Phabeni showed huge interest in Jabulani during these morning visits, but he would also take a moment here and there to lie down for a nap under the reeds, while Jabulani stood close by on the other side of the fence. There were times when the little bull stuck his minute trunk out to Jabulani – barely reaching the other side of the fence, never mind Jabulani himself. But his purpose was less to touch, and more to smell and listen to him and the elephants in the background. This helped Phabeni get to know the herd slowly, so that he would not be overwhelmed by their presence when the time came to meet them trunk-on.

The day came when we felt ready to introduce Phabeni to Jabulani without the fence. We felt that both elephants were ready for this brave new step. That morning, we called out to Phabeni in the orphanage garden. The little calf looked uncertain at the bottom of his garden as Jabulani did not stop at the fence to spend time with him. He came as we called him and followed the path from his little corner den, through the open orphanage gate and then through the big swing gate to the homestead where Jabulani was feeding. What an amazing moment to see him approaching the giant bull, knowing Jabulani had once been that little orphan too, a little bull waiting to be accepted.
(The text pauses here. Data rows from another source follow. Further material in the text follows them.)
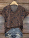 Retro Pattern Printed Casual V-Neck T-Shirt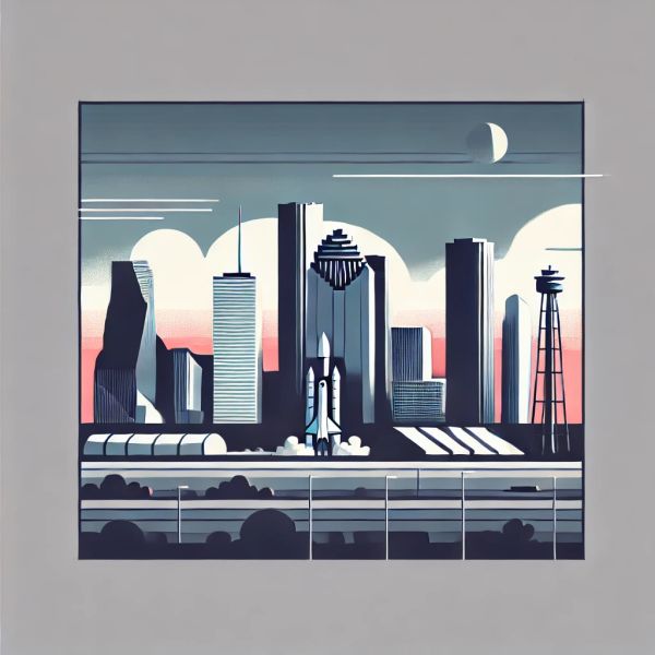 Geometric Illustration of Houston Skyline and Space Center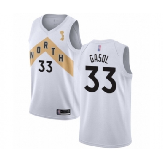 Men's Toronto Raptors #33 Marc Gasol Swingman White 2019 Basketball Finals Champions Jersey - City Edition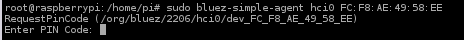 sudo bluez-simple-agent hci0 FC:F8:AE:49:58:EE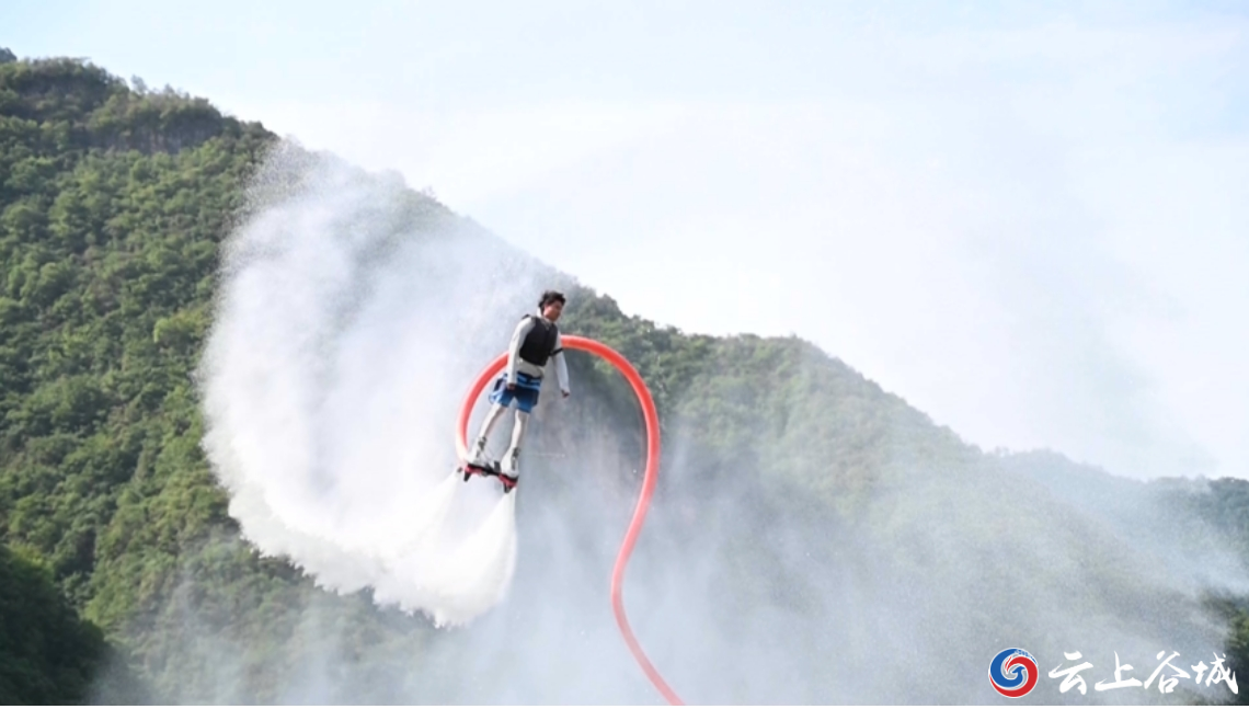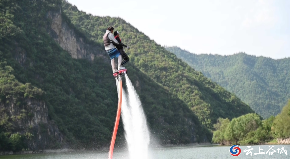 在一片开阔的水面上,游客在专业教练的保护下,从水面腾空而起,飞到将近20米的高空。伴随着喷水装置的反冲动力,专业教练带着游客完成水上漫步、高空翻腾等高难度动作,极具刺激性和观赏性的画面,引得岸上游客一阵惊叫和喝彩。在南河小三峡景区龙滩码头,景区新推出的水上游乐项目引来游客连连叫好。

Phabeni walked to Jabulani, with us, his human herd, following. He didn’t blink, stop or hesitate for even an instant. He stopped about a metre from Jabulani and pulled a bana grass leaf toward himself to munch on. The two elephants stood like that for a minute or five before Phabeni stretched out his trunk to Jabulani. Jabulani reached his trunk out too, smelling in Phabeni’s direction, acknowledging him. 

That was it. No trumpeting Just a peaceful meeting.

He may not have needed it, but as his carers, we reached out to Phabeni here and there, to touch and comfort him, to let him know that we were there and that we had his back. He happily kept feeding on the bana grass beside Jabulani, flapping his ears, stroking his own legs with his trunk. 

I decided to move to Jabulani’s other side and called Phabeni, who followed me and walked over to all of us – Tigere, Stavros, George and myself – smelling, greeting, and acknowledging. He was so tiny next to Jabulani’s lean tall muscular stature. The only sign of stress from Phabeni was a loose dung, which we wiped with grass. 

The little bull spent some time with us, humans, and it seemed as though he was thinking, “Is this it? Where are the others?” He was ready for more! We took the chance to get Phabeni familiar with Tigere and George while we were gathered there since he hadn’t spent much time with these carers.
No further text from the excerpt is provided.